◆ **Material to process**
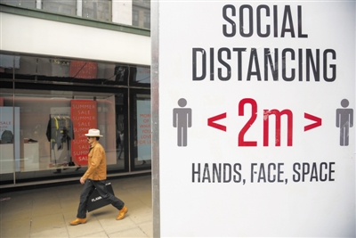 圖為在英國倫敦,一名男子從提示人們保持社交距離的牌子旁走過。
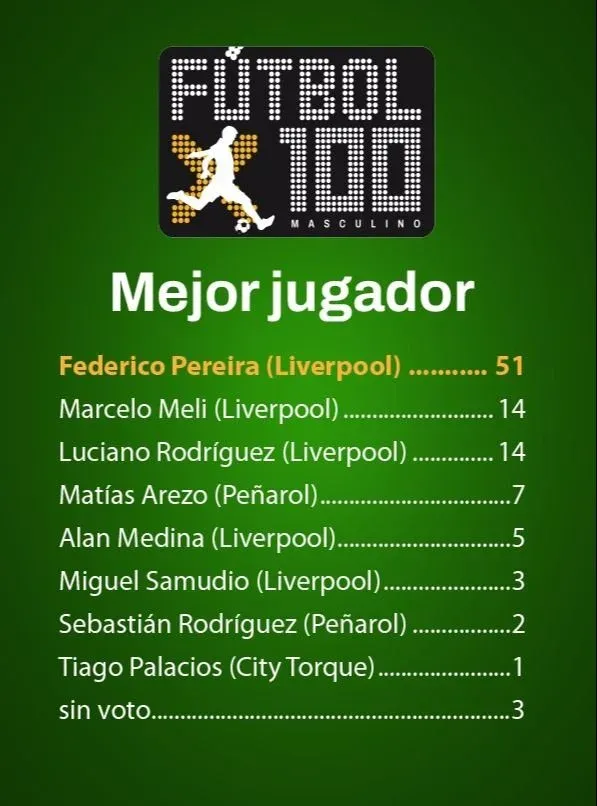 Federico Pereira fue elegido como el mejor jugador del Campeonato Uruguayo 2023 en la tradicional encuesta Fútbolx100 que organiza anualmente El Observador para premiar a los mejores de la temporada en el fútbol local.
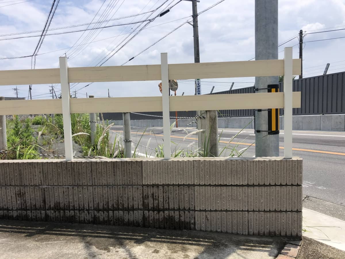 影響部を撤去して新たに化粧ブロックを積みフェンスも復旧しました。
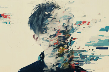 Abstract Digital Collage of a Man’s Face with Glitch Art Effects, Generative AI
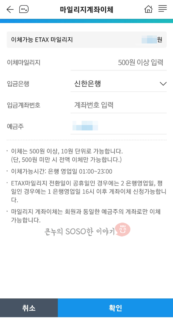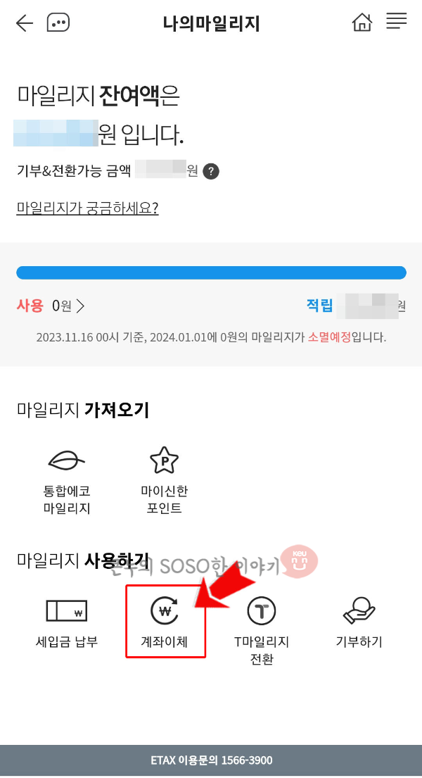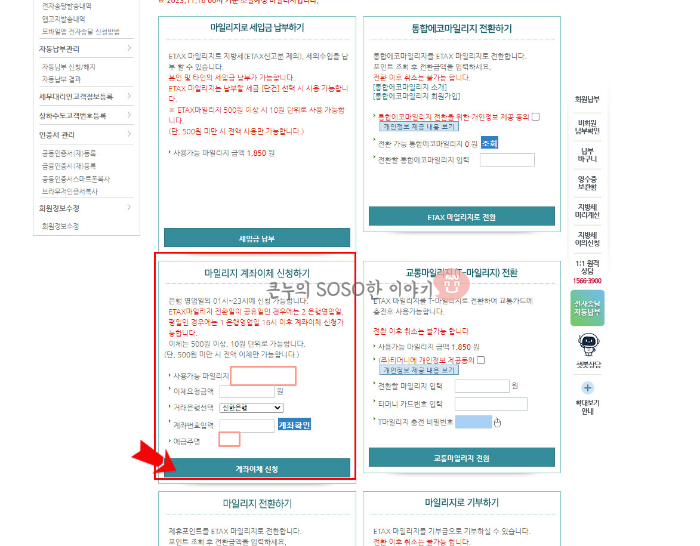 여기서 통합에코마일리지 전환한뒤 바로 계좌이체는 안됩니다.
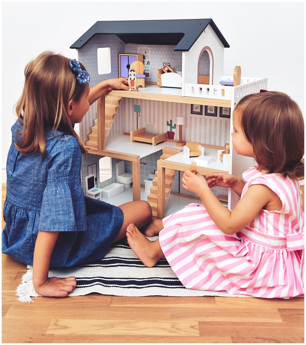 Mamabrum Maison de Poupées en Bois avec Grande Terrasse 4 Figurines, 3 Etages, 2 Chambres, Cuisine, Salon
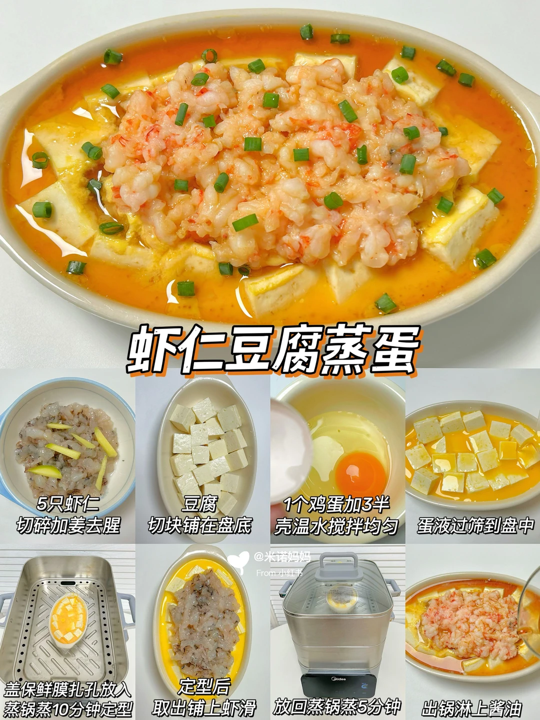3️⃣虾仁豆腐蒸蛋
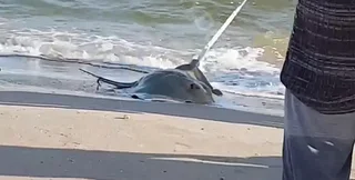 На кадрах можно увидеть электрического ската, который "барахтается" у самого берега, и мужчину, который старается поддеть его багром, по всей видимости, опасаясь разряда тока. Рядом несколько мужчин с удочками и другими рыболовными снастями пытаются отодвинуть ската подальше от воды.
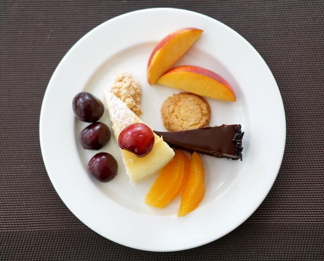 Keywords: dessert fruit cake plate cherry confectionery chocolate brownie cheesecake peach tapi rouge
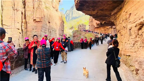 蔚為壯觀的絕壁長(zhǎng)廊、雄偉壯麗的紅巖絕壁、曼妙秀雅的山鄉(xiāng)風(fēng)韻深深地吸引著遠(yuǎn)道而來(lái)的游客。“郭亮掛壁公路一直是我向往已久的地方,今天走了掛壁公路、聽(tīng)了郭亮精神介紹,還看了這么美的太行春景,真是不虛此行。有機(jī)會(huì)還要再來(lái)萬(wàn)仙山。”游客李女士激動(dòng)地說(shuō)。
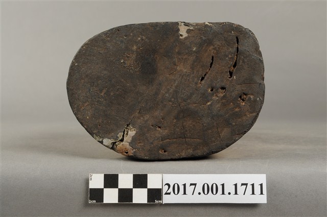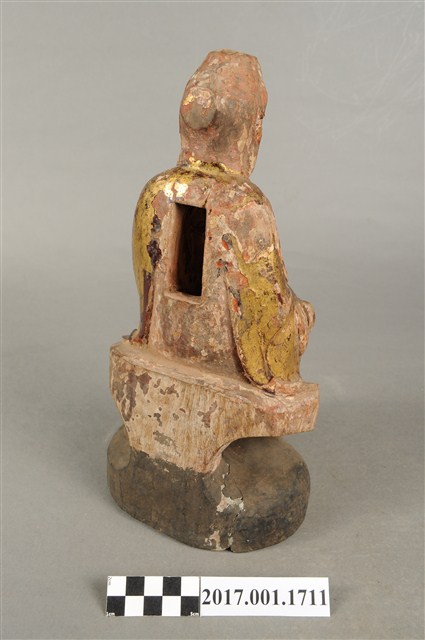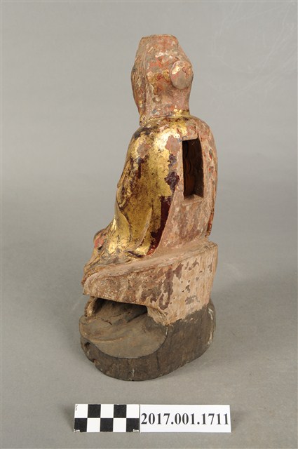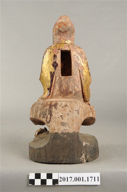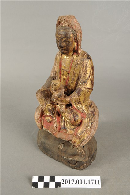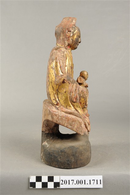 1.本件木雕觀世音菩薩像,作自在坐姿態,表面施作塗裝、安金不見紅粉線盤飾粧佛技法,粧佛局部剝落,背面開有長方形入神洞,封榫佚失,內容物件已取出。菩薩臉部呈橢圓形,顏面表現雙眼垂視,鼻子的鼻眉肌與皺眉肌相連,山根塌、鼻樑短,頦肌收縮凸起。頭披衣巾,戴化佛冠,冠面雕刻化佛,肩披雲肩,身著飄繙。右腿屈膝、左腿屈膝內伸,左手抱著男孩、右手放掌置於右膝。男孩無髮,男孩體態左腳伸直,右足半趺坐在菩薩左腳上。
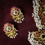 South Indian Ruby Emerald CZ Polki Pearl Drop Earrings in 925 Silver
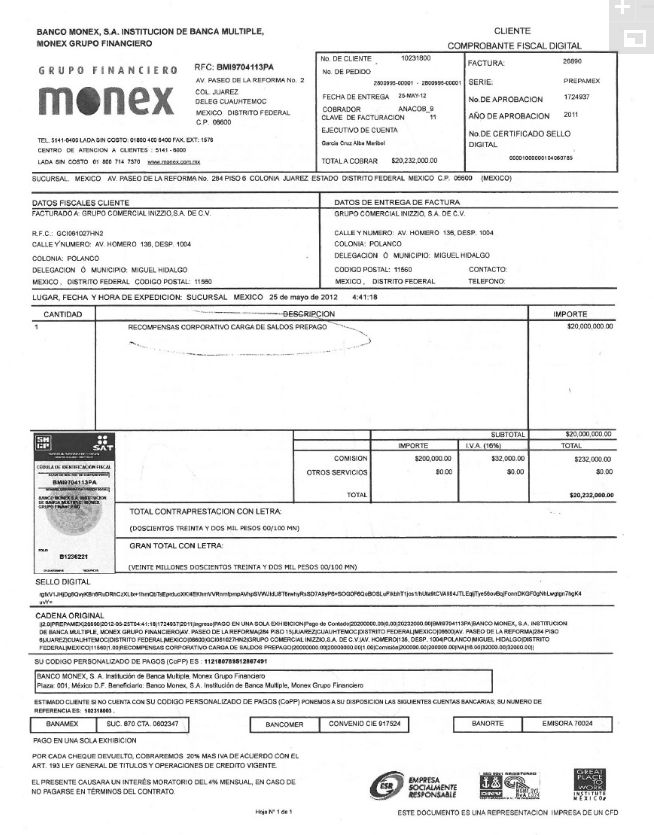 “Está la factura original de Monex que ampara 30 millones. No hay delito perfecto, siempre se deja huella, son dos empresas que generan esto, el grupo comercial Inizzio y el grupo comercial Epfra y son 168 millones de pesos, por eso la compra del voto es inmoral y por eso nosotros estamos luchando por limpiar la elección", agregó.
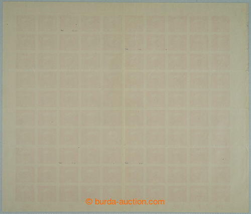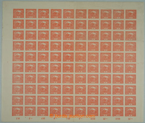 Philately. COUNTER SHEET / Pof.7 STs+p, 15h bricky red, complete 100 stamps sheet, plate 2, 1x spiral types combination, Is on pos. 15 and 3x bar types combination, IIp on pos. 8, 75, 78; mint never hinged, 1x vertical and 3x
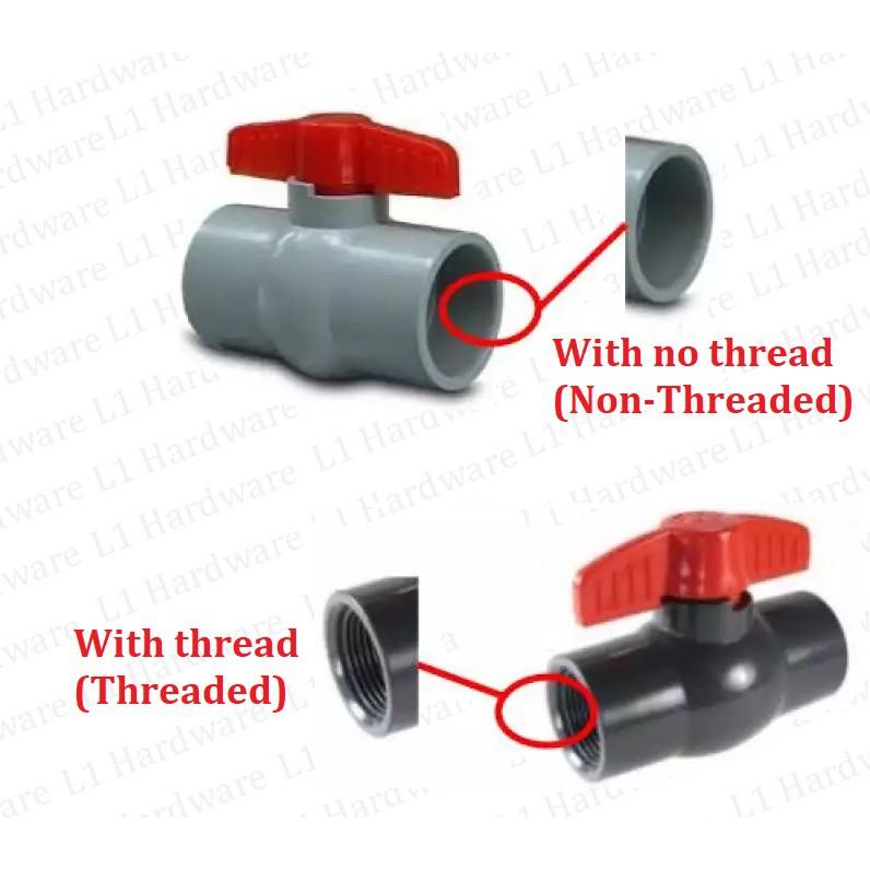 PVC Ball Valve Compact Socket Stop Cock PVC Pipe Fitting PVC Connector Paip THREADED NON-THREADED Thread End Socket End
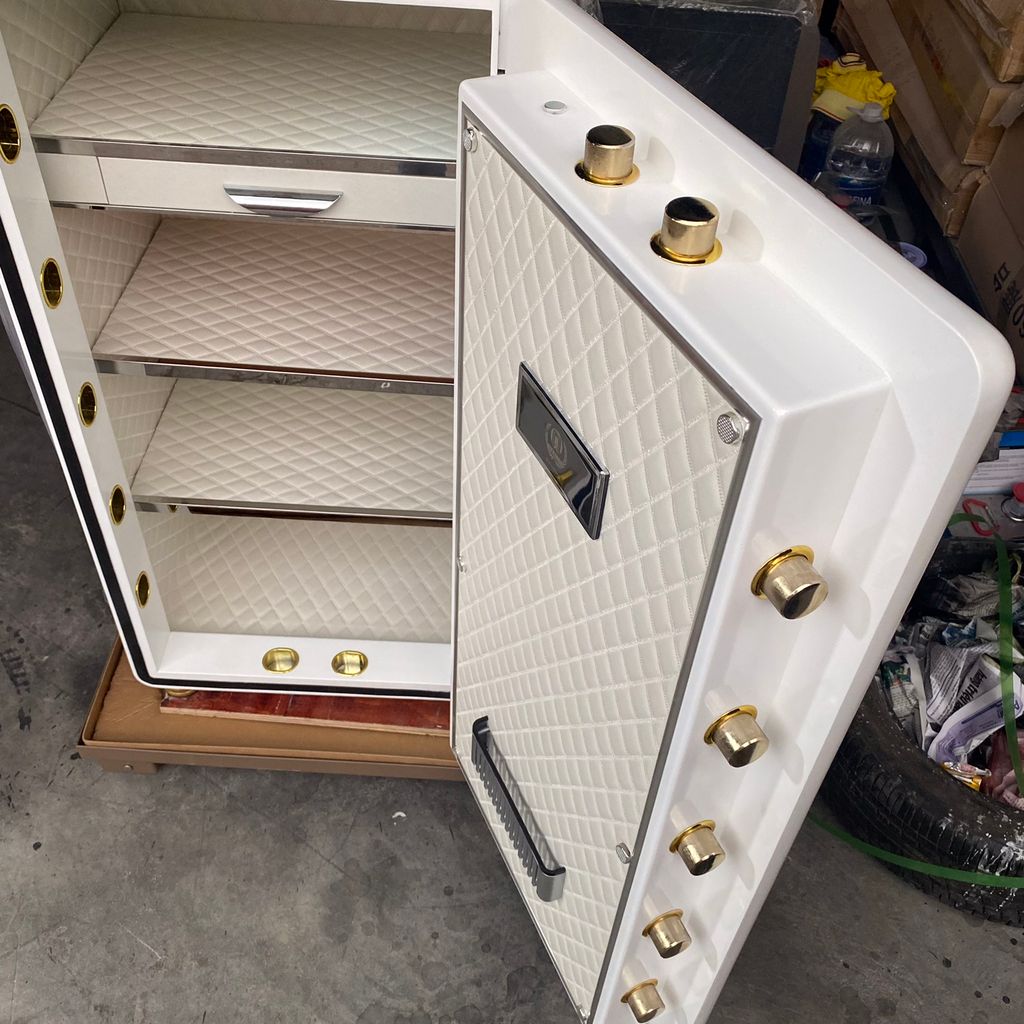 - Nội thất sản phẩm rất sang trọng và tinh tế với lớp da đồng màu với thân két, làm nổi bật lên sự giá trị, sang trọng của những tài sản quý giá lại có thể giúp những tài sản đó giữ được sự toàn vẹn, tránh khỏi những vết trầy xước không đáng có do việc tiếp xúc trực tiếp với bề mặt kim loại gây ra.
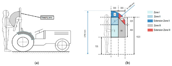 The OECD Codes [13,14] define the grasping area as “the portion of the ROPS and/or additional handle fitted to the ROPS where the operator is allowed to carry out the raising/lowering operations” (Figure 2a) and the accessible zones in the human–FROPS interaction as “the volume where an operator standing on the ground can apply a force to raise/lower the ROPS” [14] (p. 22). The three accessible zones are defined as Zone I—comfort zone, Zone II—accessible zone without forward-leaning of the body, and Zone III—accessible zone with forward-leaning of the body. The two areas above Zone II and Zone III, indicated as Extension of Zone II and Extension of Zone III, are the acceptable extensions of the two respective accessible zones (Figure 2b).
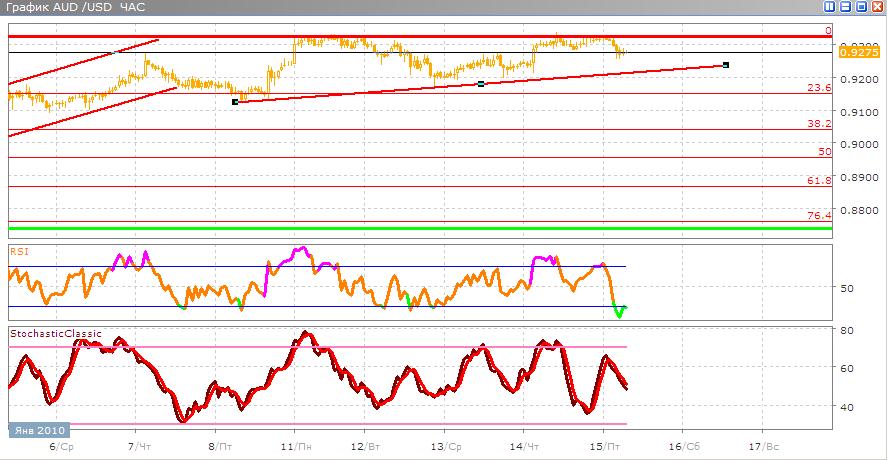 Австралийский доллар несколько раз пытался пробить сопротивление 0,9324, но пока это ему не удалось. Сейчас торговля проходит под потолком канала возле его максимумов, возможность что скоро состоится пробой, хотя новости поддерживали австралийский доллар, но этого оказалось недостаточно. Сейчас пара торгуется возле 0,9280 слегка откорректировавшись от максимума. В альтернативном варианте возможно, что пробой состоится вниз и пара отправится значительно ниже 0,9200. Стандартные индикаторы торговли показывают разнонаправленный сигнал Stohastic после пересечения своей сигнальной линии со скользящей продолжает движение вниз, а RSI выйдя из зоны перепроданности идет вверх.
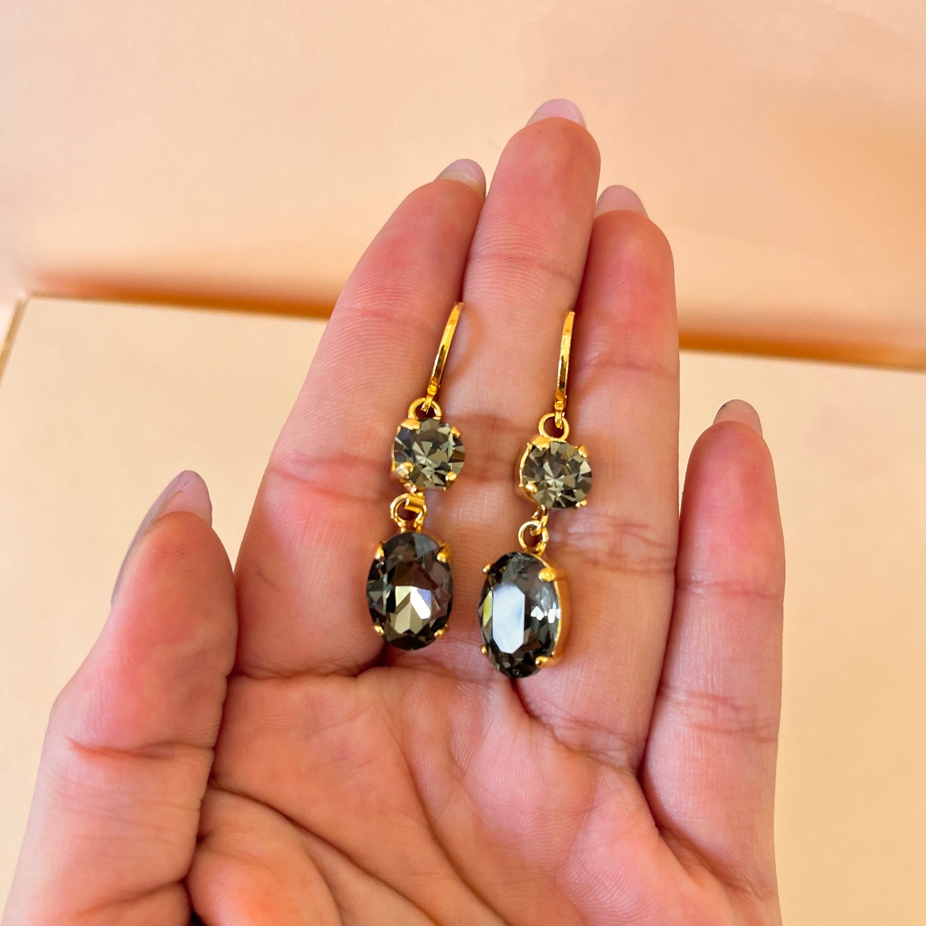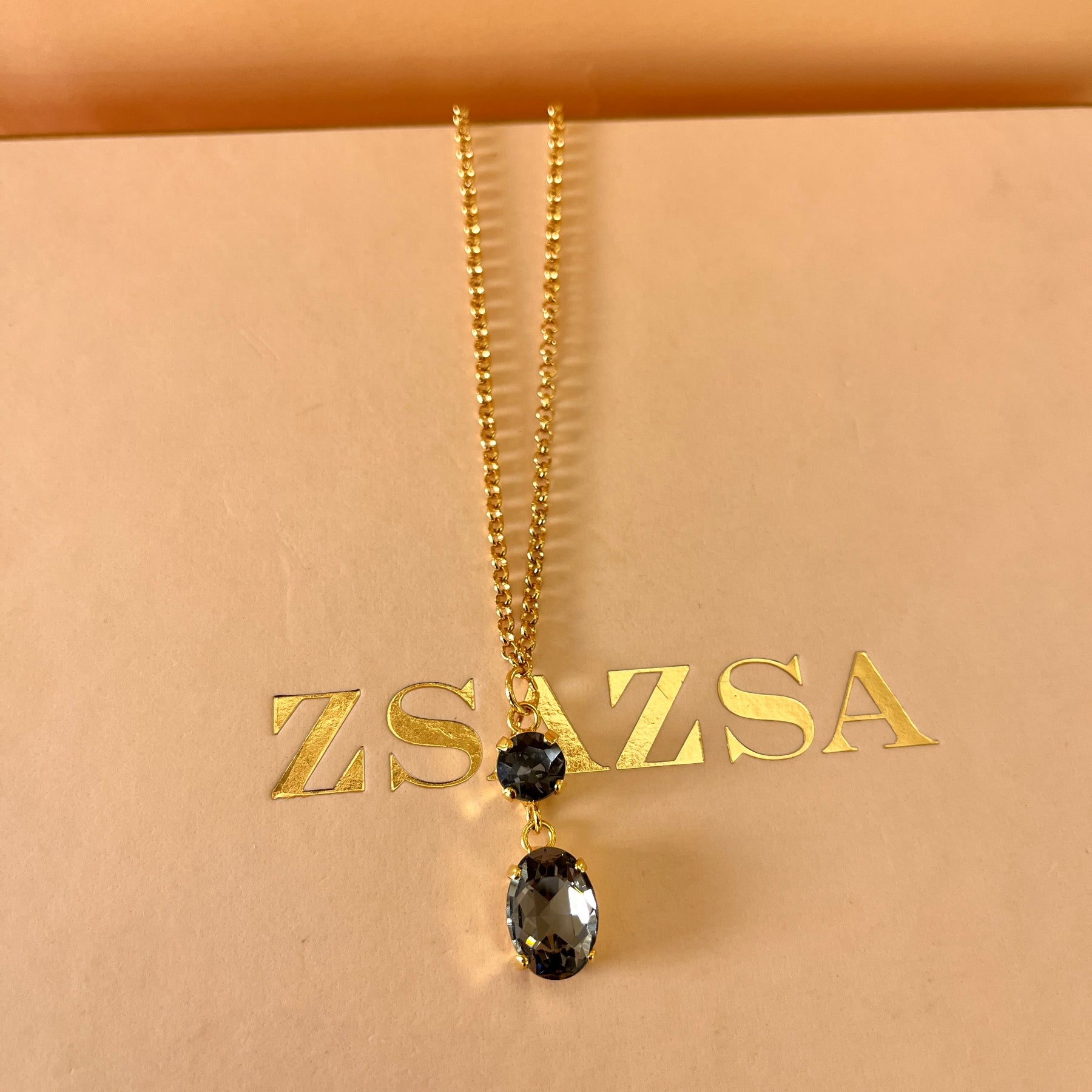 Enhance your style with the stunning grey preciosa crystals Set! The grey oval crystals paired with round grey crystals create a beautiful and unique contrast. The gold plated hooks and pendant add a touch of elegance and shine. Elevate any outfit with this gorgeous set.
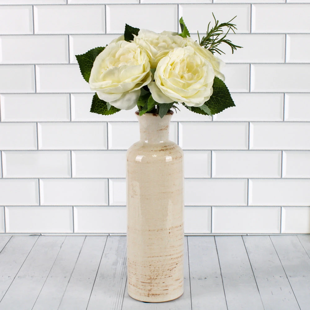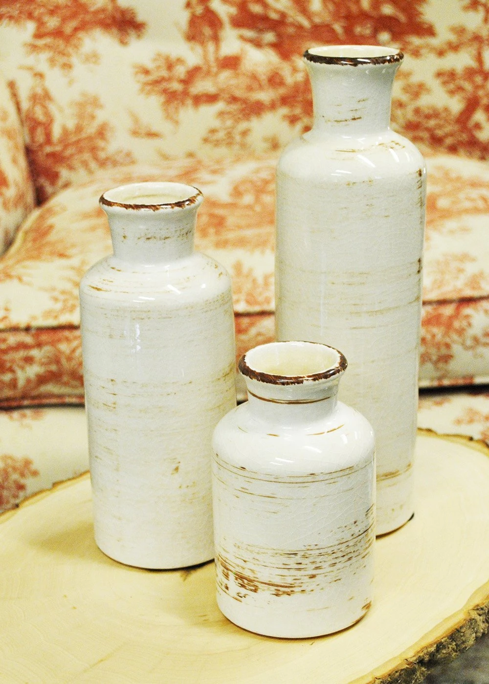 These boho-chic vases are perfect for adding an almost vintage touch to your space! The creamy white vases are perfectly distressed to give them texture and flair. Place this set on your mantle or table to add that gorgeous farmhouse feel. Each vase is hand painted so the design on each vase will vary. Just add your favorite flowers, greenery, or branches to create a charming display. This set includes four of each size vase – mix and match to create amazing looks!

◆ **What the task requires**
Starting at the line containing "蔚為壯觀的絕壁長(zhǎng" and stopping at the line containing "- Nội thất sản", output every line above exactly, both ends included, with pictures omitted.

◆ **Answer to this exercise**
 蔚為壯觀的絕壁長(zhǎng)廊、雄偉壯麗的紅巖絕壁、曼妙秀雅的山鄉(xiāng)風(fēng)韻深深地吸引著遠(yuǎn)道而來(lái)的游客。“郭亮掛壁公路一直是我向往已久的地方,今天走了掛壁公路、聽(tīng)了郭亮精神介紹,還看了這么美的太行春景,真是不虛此行。有機(jī)會(huì)還要再來(lái)萬(wàn)仙山。”游客李女士激動(dòng)地說(shuō)。
 1.本件木雕觀世音菩薩像,作自在坐姿態,表面施作塗裝、安金不見紅粉線盤飾粧佛技法,粧佛局部剝落,背面開有長方形入神洞,封榫佚失,內容物件已取出。菩薩臉部呈橢圓形,顏面表現雙眼垂視,鼻子的鼻眉肌與皺眉肌相連,山根塌、鼻樑短,頦肌收縮凸起。頭披衣巾,戴化佛冠,冠面雕刻化佛,肩披雲肩,身著飄繙。右腿屈膝、左腿屈膝內伸,左手抱著男孩、右手放掌置於右膝。男孩無髮,男孩體態左腳伸直,右足半趺坐在菩薩左腳上。
 South Indian Ruby Emerald CZ Polki Pearl Drop Earrings in 925 Silver
 “Está la factura original de Monex que ampara 30 millones. No hay delito perfecto, siempre se deja huella, son dos empresas que generan esto, el grupo comercial Inizzio y el grupo comercial Epfra y son 168 millones de pesos, por eso la compra del voto es inmoral y por eso nosotros estamos luchando por limpiar la elección", agregó.
 Philately. COUNTER SHEET / Pof.7 STs+p, 15h bricky red, complete 100 stamps sheet, plate 2, 1x spiral types combination, Is on pos. 15 and 3x bar types combination, IIp on pos. 8, 75, 78; mint never hinged, 1x vertical and 3x
 PVC Ball Valve Compact Socket Stop Cock PVC Pipe Fitting PVC Connector Paip THREADED NON-THREADED Thread End Socket End
 - Nội thất sản phẩm rất sang trọng và tinh tế với lớp da đồng màu với thân két, làm nổi bật lên sự giá trị, sang trọng của những tài sản quý giá lại có thể giúp những tài sản đó giữ được sự toàn vẹn, tránh khỏi những vết trầy xước không đáng có do việc tiếp xúc trực tiếp với bề mặt kim loại gây ra.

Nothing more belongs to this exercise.